### Work order
Copy the listing that follows exactly. Its pictures do not belong in the copy.

### Information shown
-- Opening Marker --

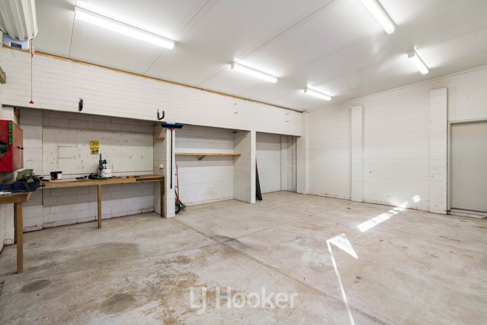 Internal access direct to the kitchen from the Garage which is powered, and includes large recessed storage cupboard and deep shelving for added storage
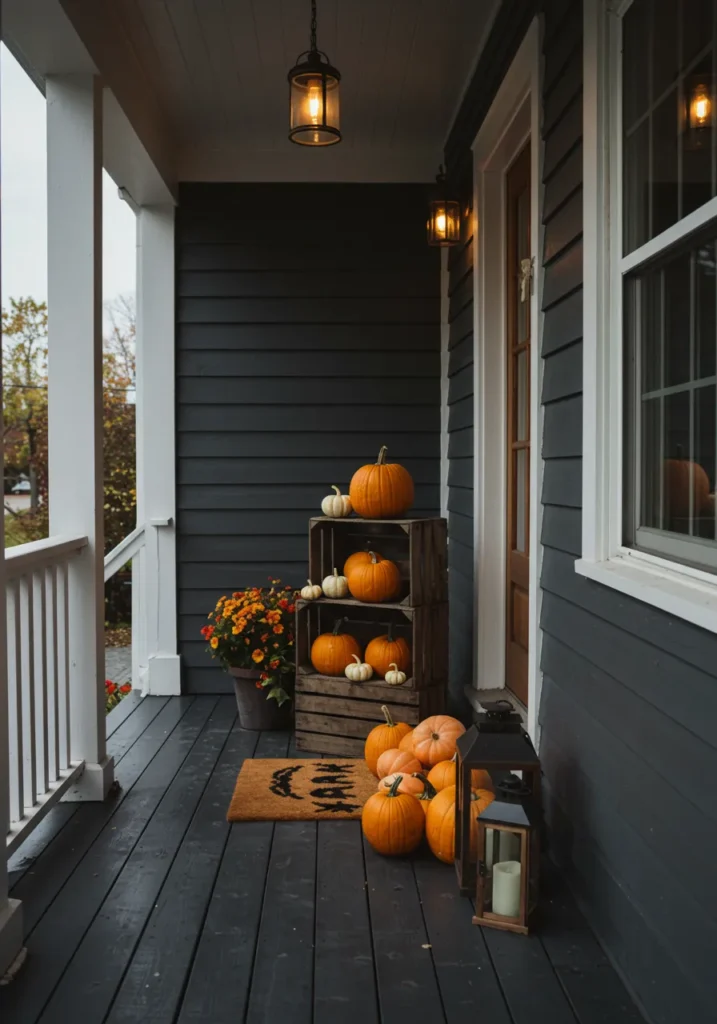 Nothing says cozy like a front porch with rocking chairs and a tower of pumpkins. Here, different shades of orange, white, and pale green pumpkins are stacked beside soft candle lanterns. The crisp white siding and black shutters make the colors pop, while the open space keeps the porch feeling airy and peaceful.
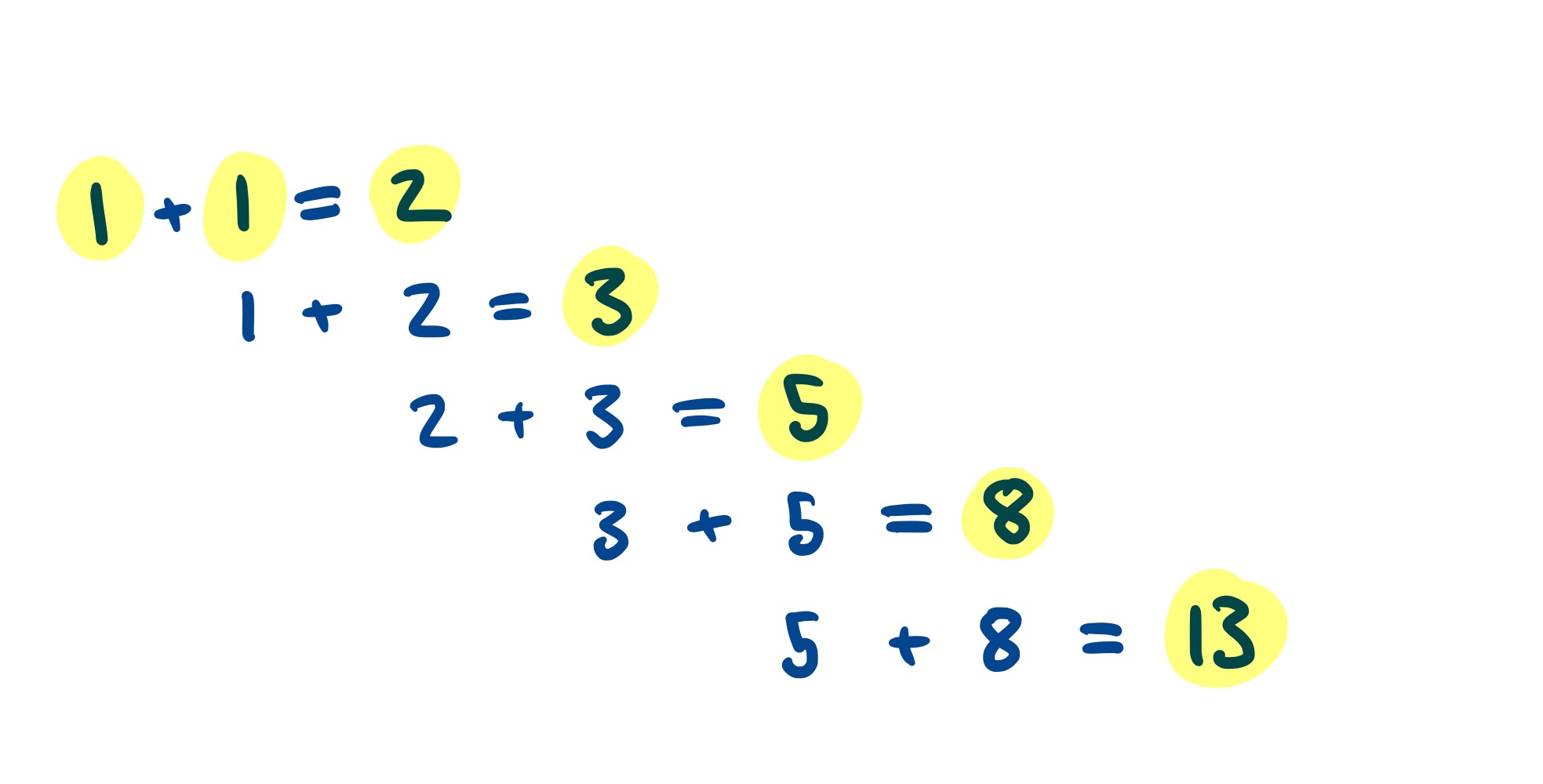 This should be reminiscent of the Fibonacci sequence. That’s produced exactly the same way, except you start with the two ones and then add up the previous pair to produce the sequence:

-- Closing Marker --

### Task result
 Internal access direct to the kitchen from the Garage which is powered, and includes large recessed storage cupboard and deep shelving for added storage
 Nothing says cozy like a front porch with rocking chairs and a tower of pumpkins. Here, different shades of orange, white, and pale green pumpkins are stacked beside soft candle lanterns. The crisp white siding and black shutters make the colors pop, while the open space keeps the porch feeling airy and peaceful.
 This should be reminiscent of the Fibonacci sequence. That’s produced exactly the same way, except you start with the two ones and then add up the previous pair to produce the sequence:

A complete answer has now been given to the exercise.